Esta consequência, aliás, não escapou ao olhar solerte do Cardeal Ratzinger. Eleito Pontífice no Conclave de 2005, em importante discurso à Cúria romana por ocasião da apresentação dos votos natalícios, em 22 de dezembro desse mesmo ano, advertiu: “A questão torna-se mais clara se, em lugar do termo genérico ‘mundo de hoje’, escolhêssemos um outro mais preciso: o Concílio devia determinar de modo novo a relação entre Igreja e idade moderna. [...] Quem esperava que com este ‘sim’ fundamental à idade moderna todas as tensões se dissolvessem e a ‘abertura ao mundo’ assim realizada transformasse tudo em pura harmonia, subestimou as tensões interiores e até as contradições da própria idade moderna: subestimou a perigosa fragilidade da natureza humana que, em todos os períodos da história e em toda configuração histórica, é uma ameaça para o caminho do homem. [...] Também em nosso tempo a Igreja continua sendo um ‘sinal de contradição’ (Lc 2, 34). [...] Não podia ser intenção do Concílio abolir esta contradição do Evangelho em face dos perigos e dos erros do homem”.
Ora, tivesse o 3° Segredo sido entendido e orientado as opções da Hierarquia da Igreja, ter-se-ia evitado que os fieis se contaminassem com os erros do laicismo dos Estados modernos.
Catolicismo — Como afinal se chegou à divulgação do 3° Segredo?
Antonio Borelli Machado — O Papa João Paulo II fora vítima de um sacrílego atentado à bala em 13 de maio de 1981, no próprio dia em que se comemorava a primeira aparição de Nossa Senhora em Fátima. Essa coincidência obviamente levava o mundo católico a se perguntar se havia alguma relação entre o atentado e as profecias de Fátima. É compreensível que o próprio Pontífice deitasse especial atenção no 3° Segredo. Assim, ainda no Policlínico Gemelli, no qual esteve entre a vida e a morte, logo que pôde pediu para ver o Segredo. A associação entre o atentado que sofrera e o martírio de um Papa nele descrito era impressionante, embora não absoluta, uma vez que no Segredo o Papa morre e ele havia sobrevivido. O que não o impedia de crer que tivesse havido uma intervenção miraculosa da Virgem, desviando de órgãos vitais a trajetória do projétil, o qual foi mais tarde entregue aos responsáveis pelo Santuário de Fátima e encastoado na coroa da Imagem ali cultuada.

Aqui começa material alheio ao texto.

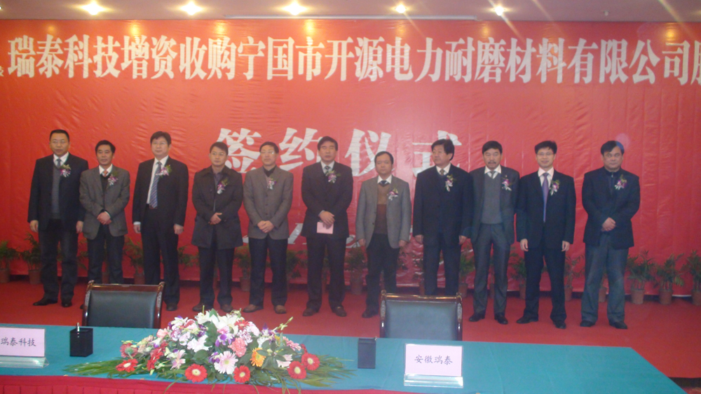 2011年3月6日,瑞泰科技增資收購寧國市開源電力耐磨材料有限公司股權(quán)簽約儀式在寧國市會(huì)議中心隆重舉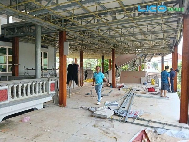 Nhà lắp ghép từ tấm LICO WALL kết hợp khung thép mạ kẽm là giải pháp hiện đại cho các dự án cần tiến độ nhanh như homestay, văn phòng mini hay khu nhà công nhân. Công trình có thể tháo lắp linh hoạt, di chuyển dễ dàng mà vẫn đảm bảo độ bền chắc.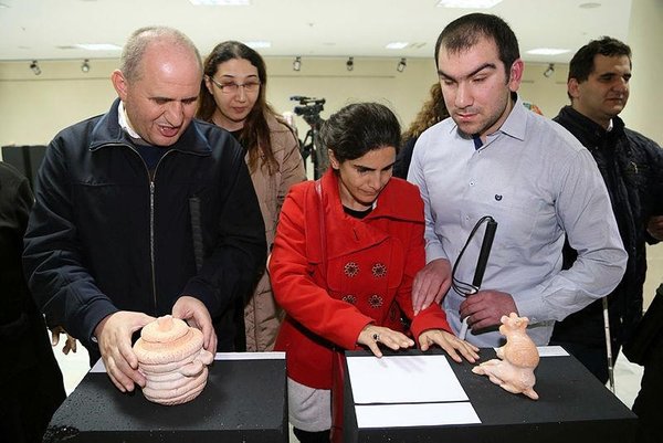 The show at the city's art center also features work by Altin. Guests at the opening included local blind people who were invited to handle the pieces.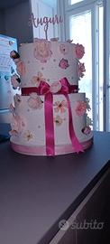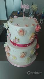 Torta finta per allestimento tavolo femminuccia. In polistirolo, stuccata, con fiori finti. Bellissima come in foto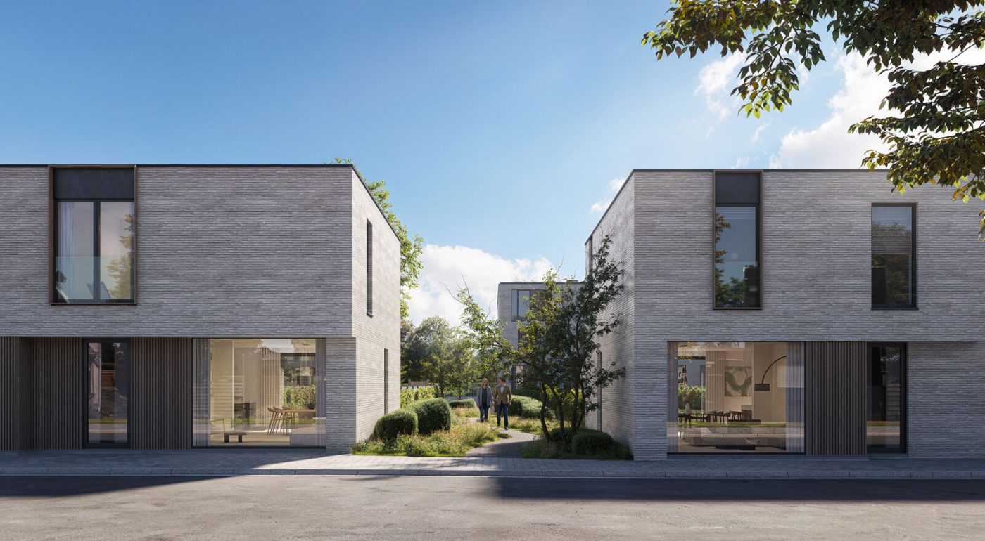Aan de voorzijde van het project bevinden zich 12 energiezuinige woningen met 3 slaapkamers en een bureel, mooie tuinen en 2 tot 3 privatieve parkeerplaatsen.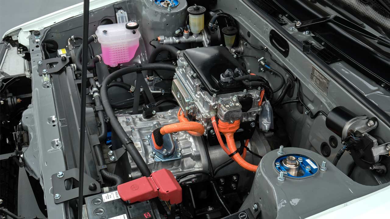 The idea of this build is apparently to make maximum use of the electrification technology of existing commercially sold vehicles, and therefore, it borrows the motor from the Tundra HEV.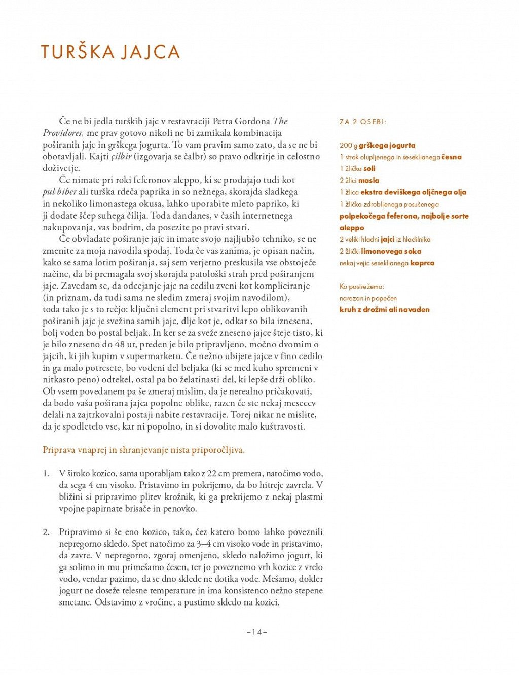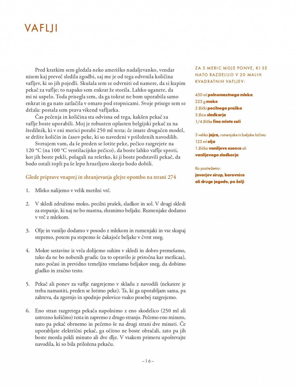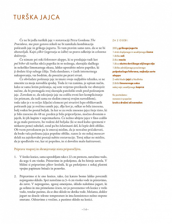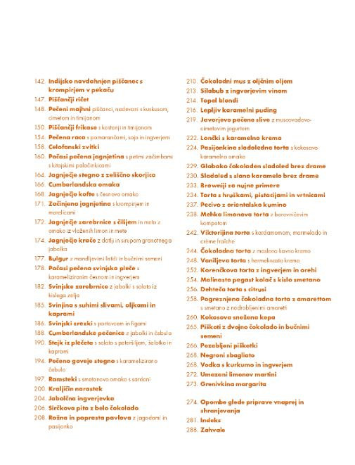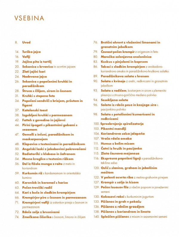 Več kot sto receptov v knjigi je poklon domači kuhinji. Razburljive zelenjavne jedi, enolončnice, dišeče pečenke, sanjske sladice in domiselne pijače, kari z bučo in sladkim krompirjem, piščančji ričet, svinjina s suhimi slivami, oljkami in kaprami, rožna in poprasta pavlova z jagodami, piškoti z dvojno čokolado in bučnimi semeni, grenivkina margarita…

O tema Fátima não era estranho ao Pontífice, pois ele fora um dos 510 signatários da petição a Paulo VI para que aproveitasse a presença dos bispos de todo o orbe em Roma, por ocasião do Concílio, para fazer a consagração da Rússia e do mundo ao Imaculado Coração de Maria. Esta consagração havia sido pedida por Nossa Senhora como penhor da conversão daquele país comunista e da suspensão dos castigos que pendem sobre o mundo moderno.

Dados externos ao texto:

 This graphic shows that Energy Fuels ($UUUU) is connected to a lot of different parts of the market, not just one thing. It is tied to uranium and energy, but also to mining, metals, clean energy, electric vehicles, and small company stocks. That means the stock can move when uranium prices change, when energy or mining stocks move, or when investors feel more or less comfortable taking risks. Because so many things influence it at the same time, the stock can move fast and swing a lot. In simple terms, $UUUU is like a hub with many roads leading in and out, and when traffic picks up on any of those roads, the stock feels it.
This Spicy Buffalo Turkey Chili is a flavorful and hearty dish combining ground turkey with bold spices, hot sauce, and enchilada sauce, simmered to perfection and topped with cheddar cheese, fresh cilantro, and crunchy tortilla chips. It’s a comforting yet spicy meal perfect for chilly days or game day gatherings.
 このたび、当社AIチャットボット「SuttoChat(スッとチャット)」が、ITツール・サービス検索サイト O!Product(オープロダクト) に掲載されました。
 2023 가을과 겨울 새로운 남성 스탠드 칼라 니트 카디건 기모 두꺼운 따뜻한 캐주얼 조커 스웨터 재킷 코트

Recuperado dos efeitos do atentado, João Paulo II fez repetidas vezes a consagração do mundo ao Imaculado Coração de Maria. A que mais se aproximou das condições requeridas por Nossa Senhora foi a de 25 de março de 1984, na qual, porém, constrangido pelas travas da Ostpolitik vaticana, não pronunciou o nome da Rússia, embora — segundo declarou — a tivesse incluído mentalmente na consagração.